The PRC that specified the cell activity was defined by four parameters, slopes of three line (a,c,b), and intersection on the time axis (w) by the line c.
conduction time = (Y0-Ymin)*Exp(-(x-Xmin)/T0) +Ymin,
where x is the extrastimulus coupling interval (H1A2), Xmin corresponds to the effective refractory period, Y0 is a maximum connection delay at Xmin, Ymin means an intrinsic conduction time, and T0 means a time constant of the curve. For simplicity, these parameters are not dependent on the autorhythmic rate. The antergrade conduction time was calculated by the ERC, but the retrograde conduction time was assumed to be constant.
Atrial ectopic focus
Ventricular ectopic focus
Figure 2. Cardiac model using six types of cells
The simulation system consisted of the cardiac module and the artificial pacemaker module. The cardiac module (tkp3.exe 130 kB, Visual Basic 6.0) was composed of six types of autorhythmic cardiac cells (Fig. 2).The cardiac cells run independently at every timer event from the cardiac module. The antegrade and retrograde conduction between these cells were controlled by the user's operation on the check boxes in the window.
The artificial pacemaker module had two electrodes to sense the cardiac impulses, and recognized the rhythm disturbances automatically. This module stimulated the cardiac cell through a connection lines between the ActiveX controls of two modules.
The application runs under MS-Windows (98 or higher) with a wide screen on a high performance computer (CPU: Pentium III, 500 MHz or higher).
Figure 3 shows the control panel and the ECG panel of the cardiac module. Each electrical activity of the cells is drawn at the predefined position on a ladder diagram. The predicted conduction is drawn with a blue line at the activation of the cell. The slanted yellow lines show the spread of activation transmitted actually. The ECG waveforms are drawn in real time as the integrated activity of all cells.
In addition, the dynamic state of contraction and relaxation of the atrium and the ventricle are presented graphically.
Figure 4 shows a Wenckebach sequence with 5:4 ratios produced by the special condition of the ERC of the AV-node at a sinus rate of 70/min. User could modify the parameters of PRC and ERC in the dialog box.
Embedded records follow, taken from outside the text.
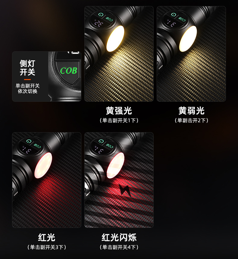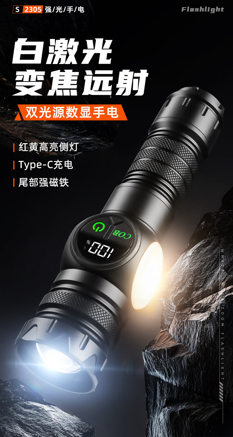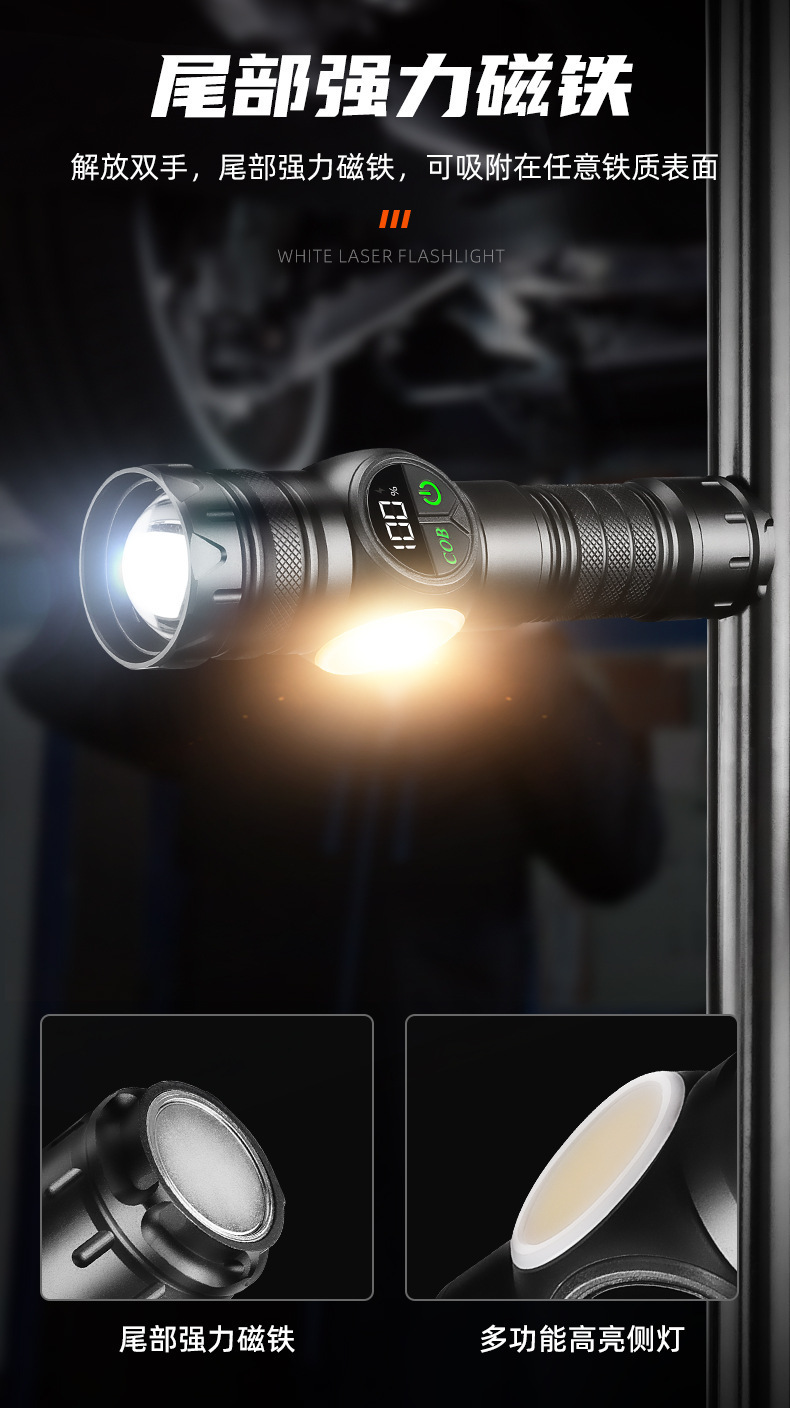 特点:带COB侧灯 独立式按压开关 带数显 尾部带磁铁指示灯数字百分比LED电量显示 充电时数显处绿色闪电标闪
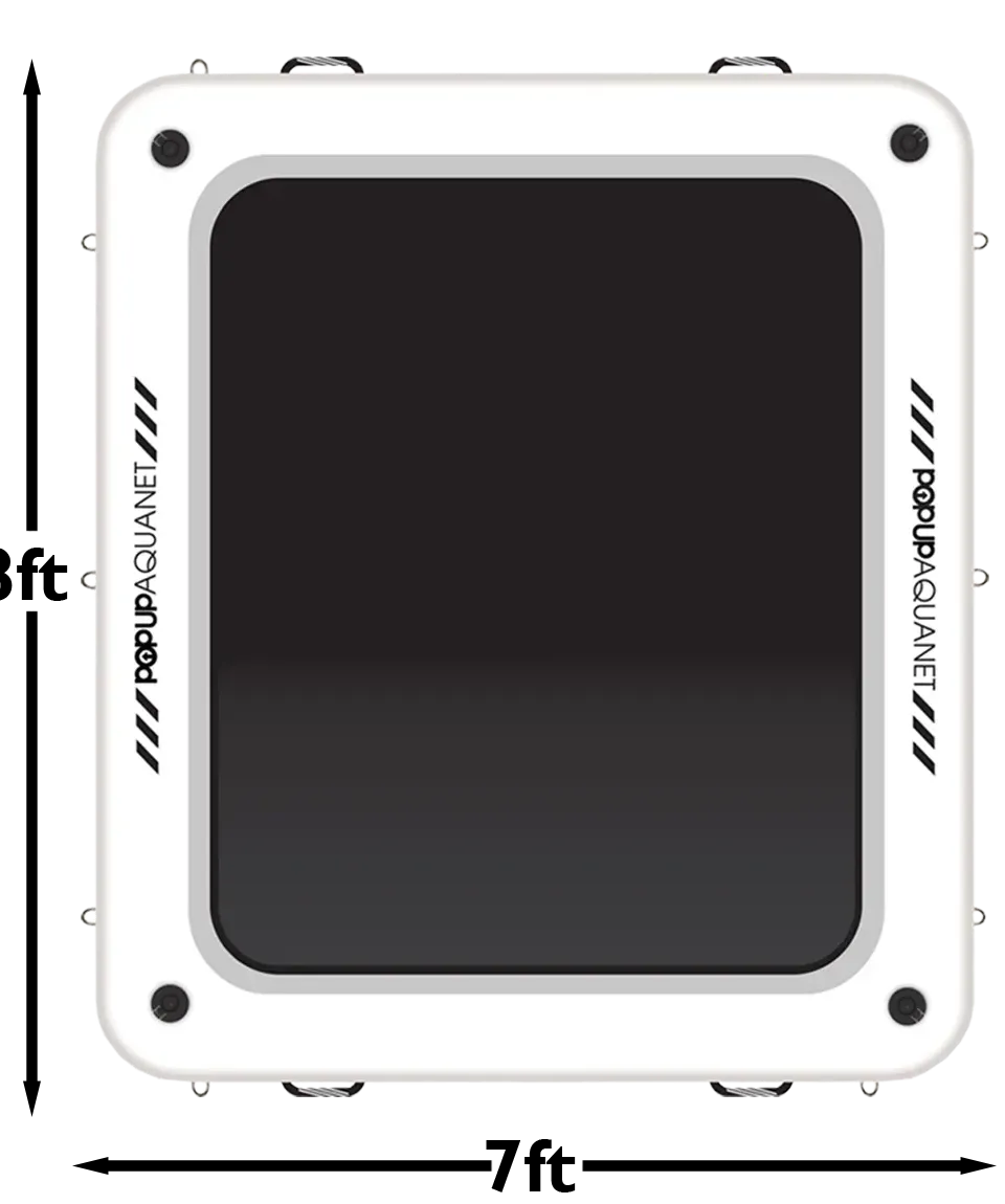 Every AquaNet comes ready to use with a high-capacity hand pump for quick inflation, carrying straps for easy transport, a repair kit for long-term durability, and a protective carry bag for compact storage. The 8' x 7' x 8" platform inflates in minutes and deflates just as quickly for convenient seasonal storage.
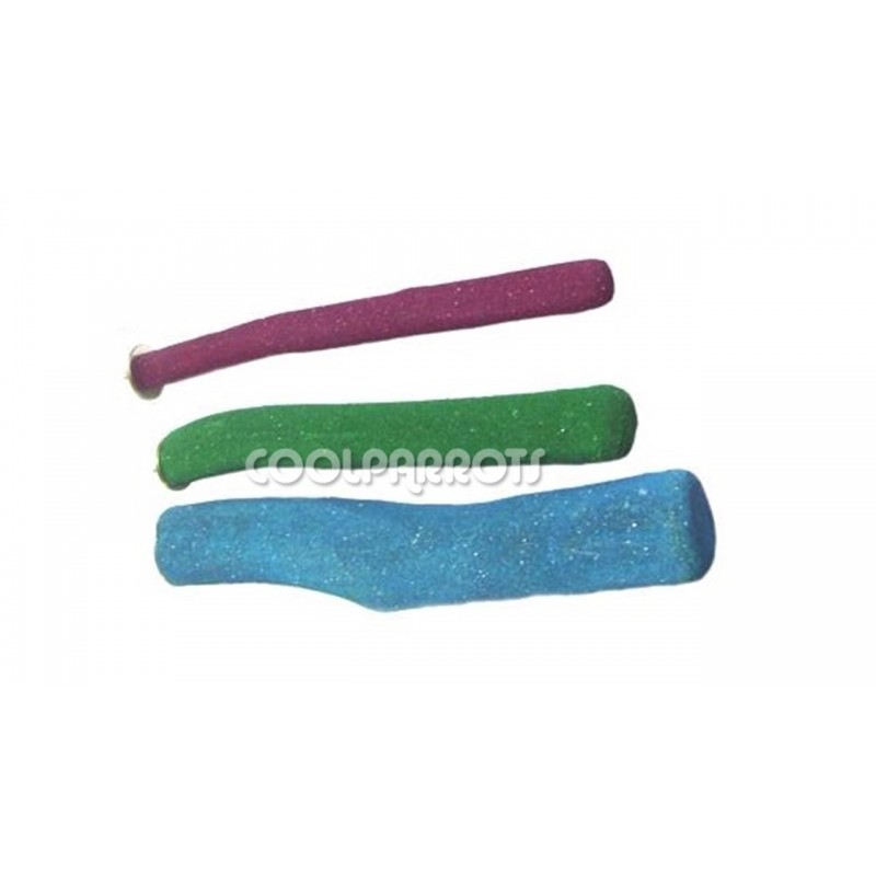 Elaboradas con interior de madera de manzanita (madera natural de gran dureza) y con un recubrimiento permanente de arena de vivos colores. Son ligeras y se adaptan a cualquier tipo de jaula. Su uso regular mantiene el crecimiento de uñas y pico en su justa medida. Le permitirá manejar su loro con comodidad sin que le clave las uñas en las manos.
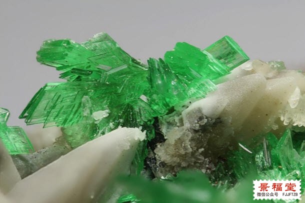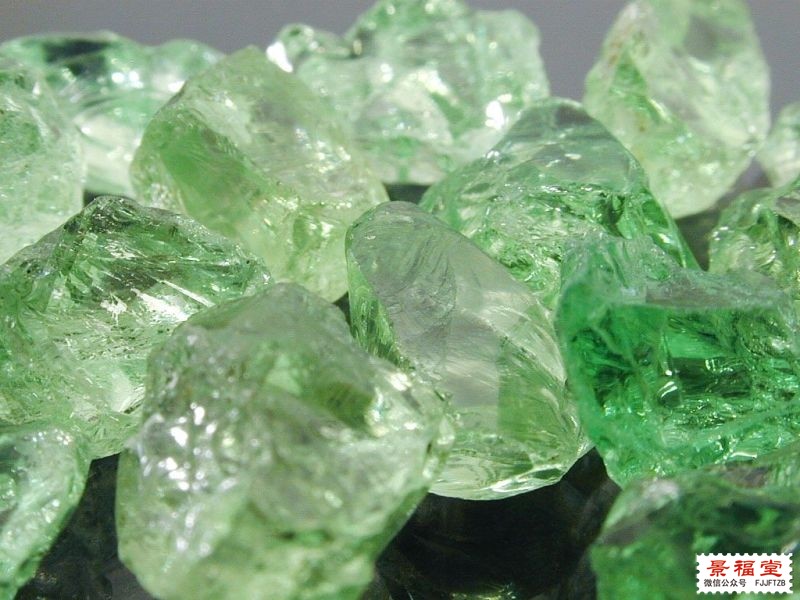 白、灰、淡绿、黄绿色,透明到半透明都有,具有玻璃光泽。
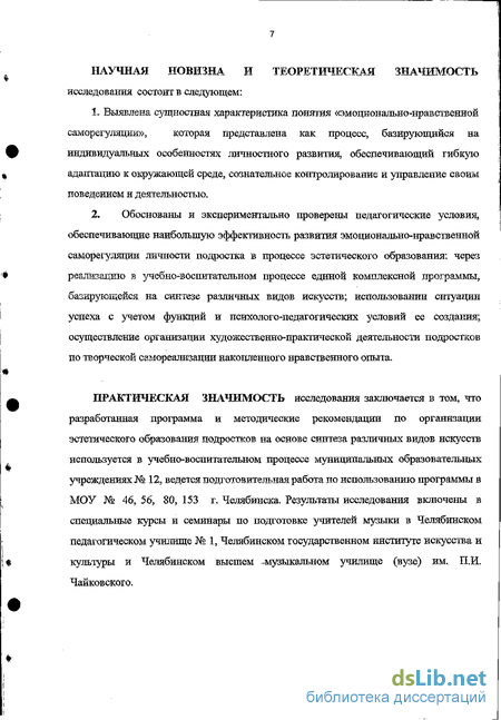 2. Обоснованы и экспериментально проверены педагогические условия, обеспечивающие наибольшую эффективность развития эмоционально-нравственной саморегуляции личности подростка в процессе эстетического образования: через реализацию в учебно-воспитательном процессе единой комплексной программы, базирующейся на синтезе различных видов искусств; использовании ситуации успеха с учетом функций и психолого-педагогических условий ее создания; осуществление организации художественно-практической деятельности подростков по творческой самореализации накопленного нравственного опыта.

Figure 5 shows a simulation of cardiac rhythm disturbances induced by the conduction between the atrium and the ectopic focus.
Figure 6 shows the ECG sequence of the ventricular flutter, fibrillation, and the defibrillation procedure achieved by the user operation. It shows a pause period caused by the defibrillation that resumed all the activity of the heart.
Figure 7 shows the interaction between the heart and an artificial pacemaker. User can experience the artificial pacemaker operation virtually.
Ikeda et al., Arrhythmia curve interpretation using a dynamic system model of the myocardial pacemaker. Meth Inform Med 1997;36:286-9.
Abramovich-Sivan et al., A single pacemaker cell model based on the phase response curve. Biol. Cybern. 1998;79:67-76.
Figure 8 shows a simulation of the electrophysiological experiment to study the conductivity of the AV node. AV nodal responses to the premature coupling interval S1S2 were recorded and the corresponding V1V2 interval and S2V2 intervals were plotted against S1S2. S1S2 (sinus-stimulation) intervals were decreased with a 20msec decrement.